#### [Your task]
What follows is a listing; repeat exactly, and only, its lines from the one holding "This Half-Size foam" through the last, leaving any pictures out.

(Beginning of Data)

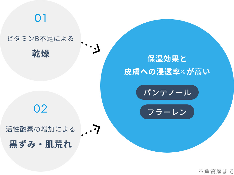 ビタミンB5不足は、乾燥肌、肌荒れの
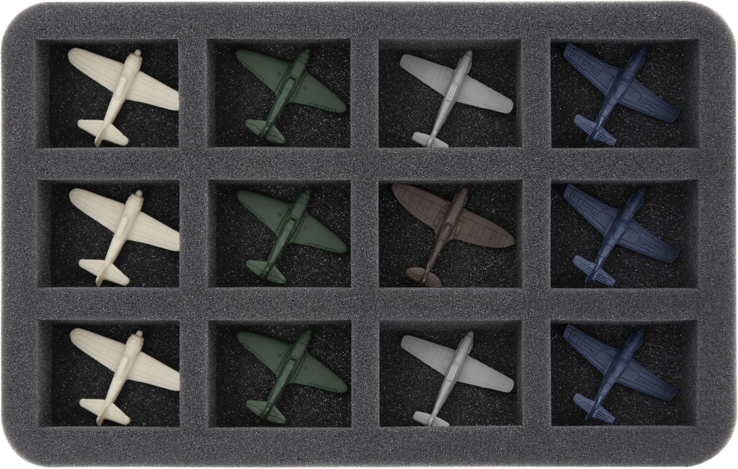 This Half-Size foam tray is divided into 12 compartments of the same size. These can hold up to 12 aircrafts without flying base.
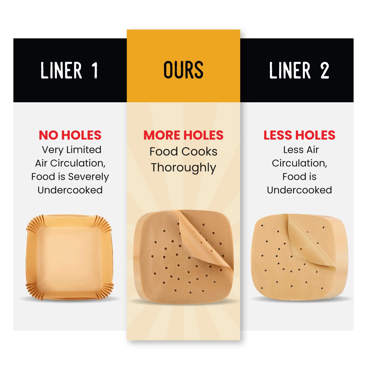 • COMPATIBLE WITH MOST AIRFRYERS – Our liners are compatible with most airfryers including Phillips, Cozyna, Secura, NuWave, Chefman, GoWISE USA, BLACK+DECKER, COSORI. Made from 100% natural wood pulp, our parchment liners are a much healthier alternative to Quilon sheets. Quilon contains a chemical called Chromium that can be harmful once ingested. Baker’s Signature sheets are also not chemically bleached like other brands.
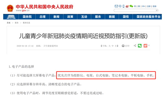 為預(yù)防近視,權(quán)威部門發(fā)布了《兒童青少年新冠肺炎疫情期間近視預(yù)防指引(更新版)》,指出在電子產(chǎn)品選擇方面,要盡可能選擇大屏幕電子產(chǎn)品,優(yōu)先次序依次為投影機、電視、臺式電腦、筆記本電腦、平板電腦、手機。
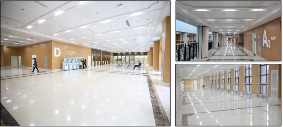 鋁板吊頂,質(zhì)感高端,干凈整潔,耐腐蝕性好,耐久性好,公共部位考慮人員比較集中,采用沖孔鋁板降噪吸音。?;u質(zhì)地堅(jiān)硬、抗壓耐磨性能優(yōu)越,釉面光澤、易于清潔維護(hù),PVC地膠采用同質(zhì)透芯,質(zhì)地柔和,耐磨防水性好,易于清 潔保養(yǎng)。公共區(qū)域墻面冰火板墻面裝飾紋路清晰、色彩溫馨,質(zhì)地堅(jiān)硬,A級(jí)防火,防撞防污。45根大理石圓柱做工考究,材質(zhì)堅(jiān)硬,亮麗光澤、莊重典雅,整體裝飾風(fēng)格協(xié)調(diào)、效果美觀。
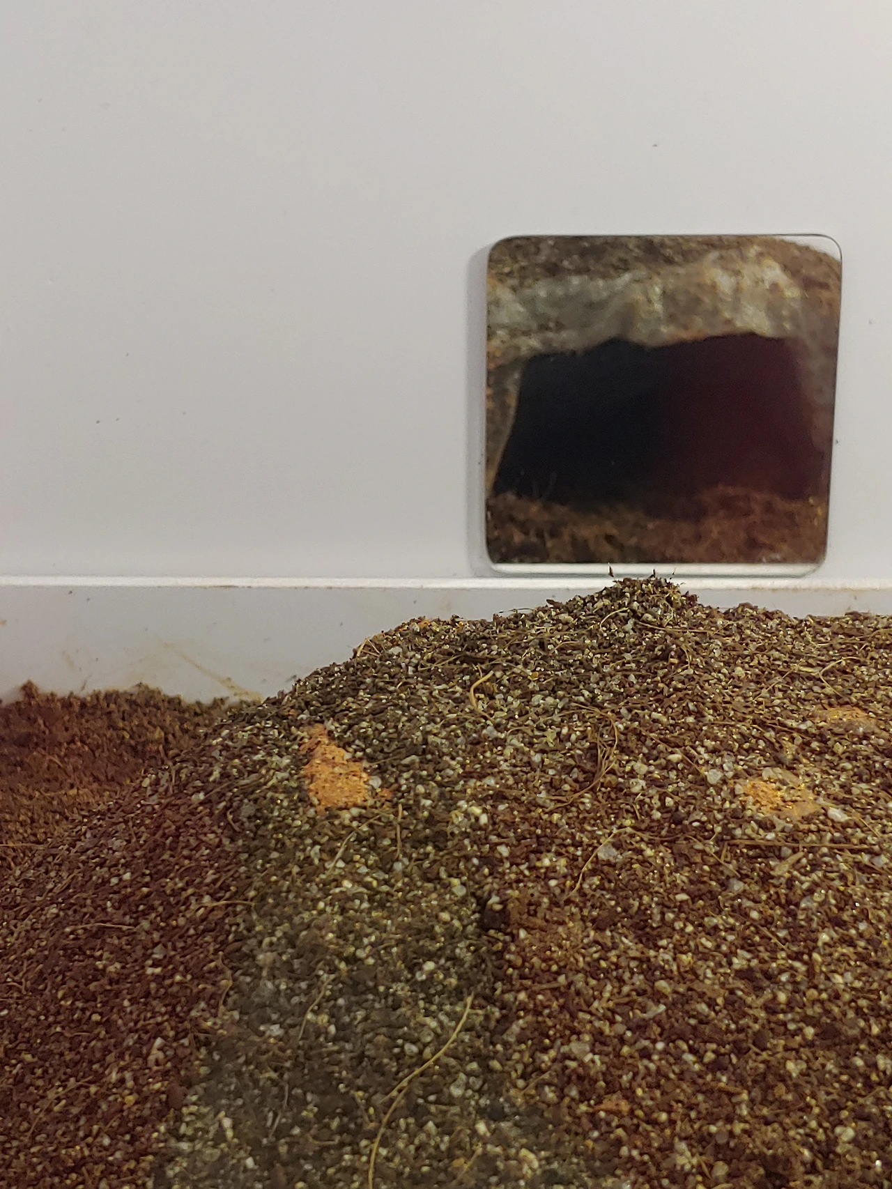 잠은 시원한 굴 속에서 자고 일어나자마자 스팟 램프 밑으로 가 체온을 높이고 있습니다.
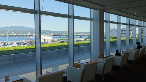 ▲さて、やはりこのラウンジの目玉は、この開放感抜群の素晴らしい見晴らしでしょう。長崎空港は大村湾に浮かぶ島の上に作られているのですが、ラウンジからは海を隔てた対岸の大村の街を一望できるのです!こんなに素晴らしい見晴らしの国内空港ラウンジは、ここ以外に存じません。本当に眺め抜群なので、長崎空港を利用する際はぜひ立ち寄ってみてください!
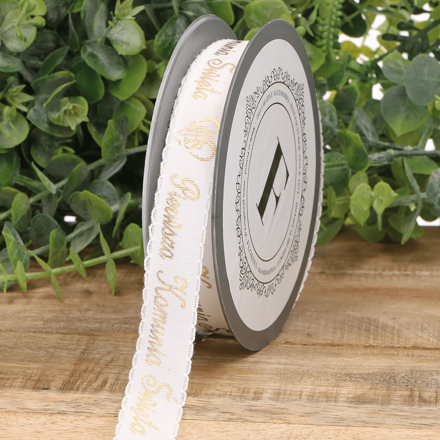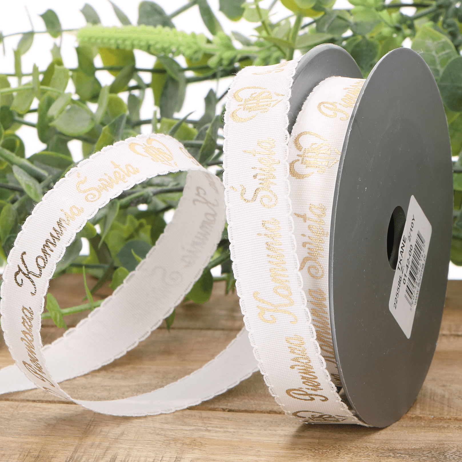 Wstążka z motywem komunijnym. Biało-złota kolorystyka oczaruje najbliższych i pozwoli stworzyć bazę do przygotowania całej aranżacji na Komunii dziecka. Wstążki możesz użyć do zaproszeń, do ozdoby stołu czy świecy.

(End of Data)

#### [Written answer]
 This Half-Size foam tray is divided into 12 compartments of the same size. These can hold up to 12 aircrafts without flying base.
 • COMPATIBLE WITH MOST AIRFRYERS – Our liners are compatible with most airfryers including Phillips, Cozyna, Secura, NuWave, Chefman, GoWISE USA, BLACK+DECKER, COSORI. Made from 100% natural wood pulp, our parchment liners are a much healthier alternative to Quilon sheets. Quilon contains a chemical called Chromium that can be harmful once ingested. Baker’s Signature sheets are also not chemically bleached like other brands.
 為預(yù)防近視,權(quán)威部門發(fā)布了《兒童青少年新冠肺炎疫情期間近視預(yù)防指引(更新版)》,指出在電子產(chǎn)品選擇方面,要盡可能選擇大屏幕電子產(chǎn)品,優(yōu)先次序依次為投影機、電視、臺式電腦、筆記本電腦、平板電腦、手機。
 鋁板吊頂,質(zhì)感高端,干凈整潔,耐腐蝕性好,耐久性好,公共部位考慮人員比較集中,采用沖孔鋁板降噪吸音。?;u質(zhì)地堅(jiān)硬、抗壓耐磨性能優(yōu)越,釉面光澤、易于清潔維護(hù),PVC地膠采用同質(zhì)透芯,質(zhì)地柔和,耐磨防水性好,易于清 潔保養(yǎng)。公共區(qū)域墻面冰火板墻面裝飾紋路清晰、色彩溫馨,質(zhì)地堅(jiān)硬,A級(jí)防火,防撞防污。45根大理石圓柱做工考究,材質(zhì)堅(jiān)硬,亮麗光澤、莊重典雅,整體裝飾風(fēng)格協(xié)調(diào)、效果美觀。
 잠은 시원한 굴 속에서 자고 일어나자마자 스팟 램프 밑으로 가 체온을 높이고 있습니다.
 ▲さて、やはりこのラウンジの目玉は、この開放感抜群の素晴らしい見晴らしでしょう。長崎空港は大村湾に浮かぶ島の上に作られているのですが、ラウンジからは海を隔てた対岸の大村の街を一望できるのです!こんなに素晴らしい見晴らしの国内空港ラウンジは、ここ以外に存じません。本当に眺め抜群なので、長崎空港を利用する際はぜひ立ち寄ってみてください!
 Wstążka z motywem komunijnym. Biało-złota kolorystyka oczaruje najbliższych i pozwoli stworzyć bazę do przygotowania całej aranżacji na Komunii dziecka. Wstążki możesz użyć do zaproszeń, do ozdoby stołu czy świecy.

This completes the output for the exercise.